To try and show it as a tree a bit better:


One leaf (top node)
00
01
02
03

One subleaf
-->00
   10
   20
   30
01
02
03

Two subleafs
-->00
   10
   20
   30
-->01
   11
   21
   31
02
03

With the above showing how the map goes to the proper place in the tree.

#7

hrmm… one way to do it for, is:



List<int> topIDList;
for(int i = 1; i < 100; i++)
    List newTopIDList;
    for(int j = 1; j < 4; j++)
        foreach (int n in topIDList)
            String newTopIDString;
            sprintf("%d%0id, newTopIDString);
            newTopIDList.Add(int.Parse(newTopIDString));
    topIDList.Append(newTopIDList);

the sprintf bit is a bit tricky, you would probably have to manually make the format string making liberal use of escape charecters. The algorithm basically works by noting that each larger length of strings is just a 1, 2 or 3 appended onto the previous strings.

#8

Uh, duhh… It would help if I included the arguments to the sprintf properly



String newTopIDFormat = "\%d\%0" + i + "d"; //eg, for i = 4, it is "%d%04d
sprintf(newTopIDString, newTopIDFormat, j, n); //So for j = 2, n = 23, it would be 20023
#9

The mappings are bitmasks, but really the main problem with that method is that you would need to store every string you had ever created–and the structure is intended to hold up to the limit countable in a 32 or 64 bit value (so four billion or more.)

#10

This is a reordered base-4 counting system. One way to describe it is: leading zeroes stripped, sorted primarily by length and then lexicographically on the reverse-ordered string. I’m not sure how helpful that is though.

More helpful for counting with these numbers is that within a set of same-length keys, the first digit is counting base-3 (base-4 but skipping zero) and the remaining digits are normal base-4 counting, written least-significant-digit first.

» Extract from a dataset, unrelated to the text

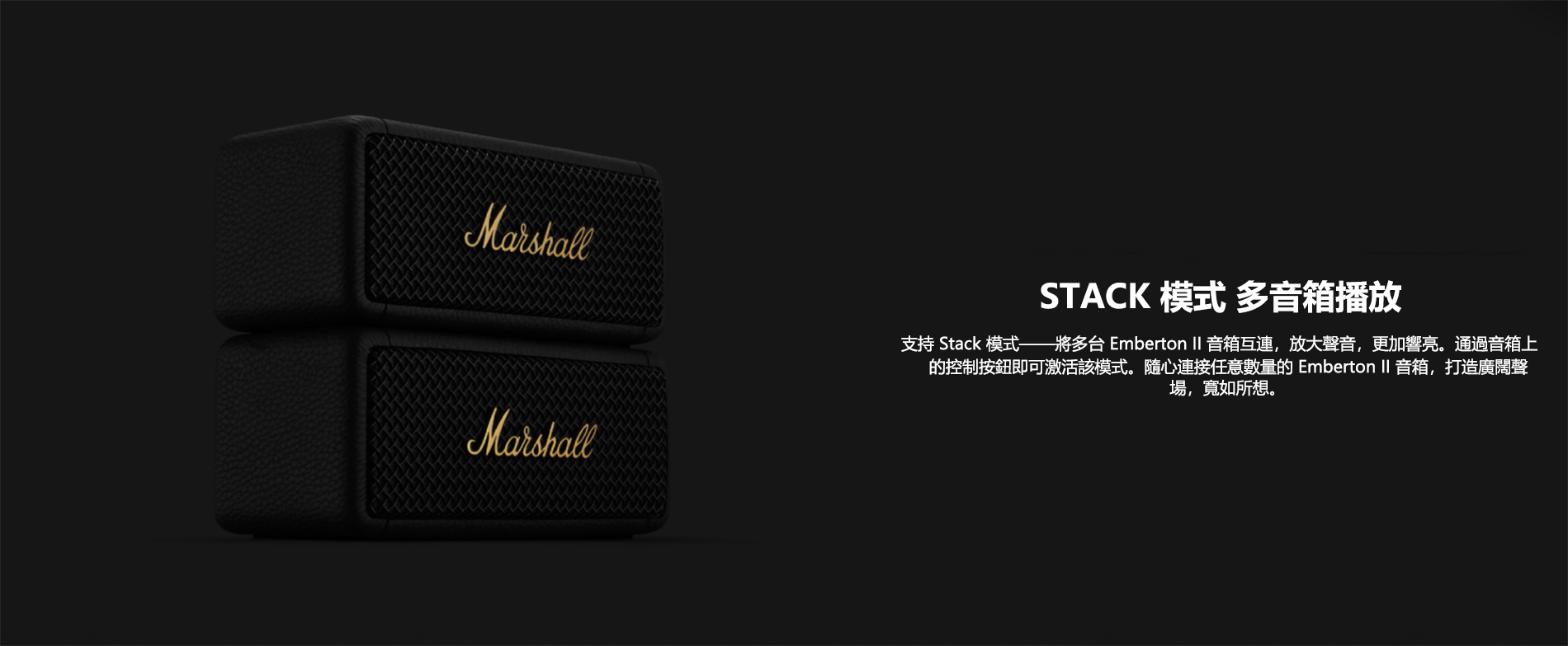 Emberton II 在配備現代科技的同時,保留了 Marshall 的經典外觀設計,集澎湃音效和經典造型於一身。隨時隨地彰顯你的音樂風格。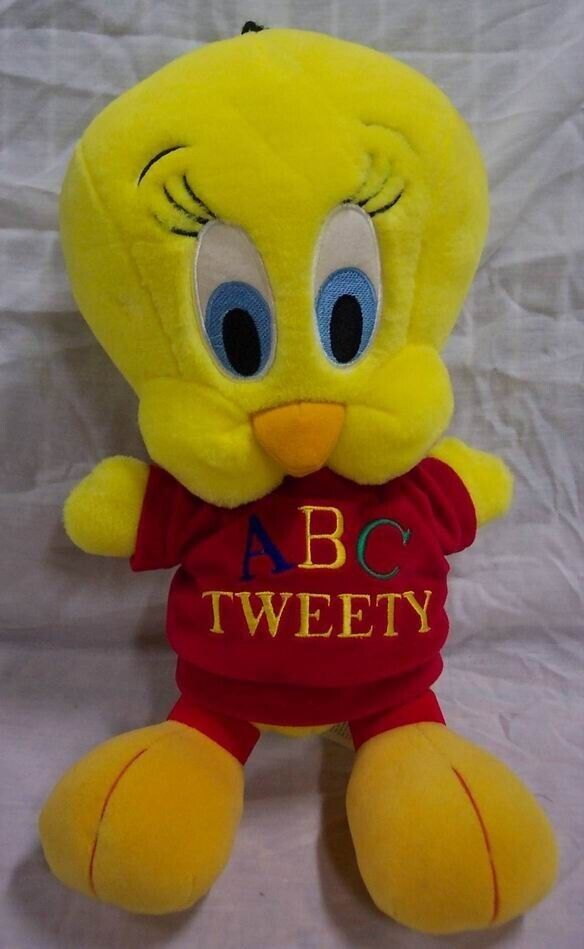 Combine auctions to save on sThis is a Vintage WB Looney Tunes TALKING ABC TWEETY BIRD Plush Stuffed Animal Toy. Made by WB Studio Store in 1998. It is 14 1/2 inches tall. It is in Great Condition. It is CLEAN! No Stains, Tears, or Defects. Press the tummy and he says, "My name is Tweety, let's sing together." Then he sings the ABC song. Please contact me if you need to make other payment arrangements. EAG

I’m not sure whether this code is any prettier than what you’ve got, but it’s quick anyway.


typedef long KeyInt;
// or long long, or whatever; digits are stored in 2-bit pairs of KeyInt
struct key { KeyInt n; int l; };

void init( struct key *k ) { k->n = 0; k->l = 1; }
void print( struct key* k ) {
  int i, n;
  for ( i = 0, n = k->n; i < k->l; ++i, n >>= 2 ) printf( "%d", n&3 );
}

void inc( struct key *k  ) {
  // increment low-order digit, base 3
  k->n++;
  if ( !(k->n & 3) ) k->n++;

  // check for carry out; increment length if present
  KeyInt co = 1 << k->l*2;
  if ( k->n & co ) { k->n -= co; k->l++; }
}

int main( int argc, char** argv ) {
  int n;
  struct key K;
  init(&K);
  for ( n = 0; n < 100; ++n ) {
    printf( "%4d: ", n );
    print(&K);
    printf( "
" );
    inc(&K);
  }
}

It’s easy to get arbitrary elements of the sequence, too; you don’t have to increment if all you want is the nth element. But it sounds like you’re always using these in sequence, so that’s probably not important to you.

#11

Hm… I’ll need to look that over in the morning. Certainly smaller than what I had (and will probably be :smack:-inducing when I do.)

#12

Ok, so the one that doesn’t require you to store the results would be:




int nextTopID (int curTopID)
    return int.Parse(_nextTopID(cur.ToString());

String _nextTopID(String curTopIDStr)
{
    foreach (char c in curTopIDStr)
        if (c != 3) //check if we overflow to the next digit
            break;
        return "1" + "0".repeat(curTopIDStr.Length);
    if(curTopIDStr[0] == "3")
        return ("1" + nextTopID(curTopIDStr[1..]);
    else
        curTopIDStr[0]++;
        return curTopIDStr;
}

curTopIDStr[1…] means take the substring from 1 to the end. Just assume the language does automatic casting between strings and ints. I know no language does but it makes the code clearer. Theres a bit of subtlety to the string formatting in that you need to preserve leading zeros though when you convert nextTopID back into and int.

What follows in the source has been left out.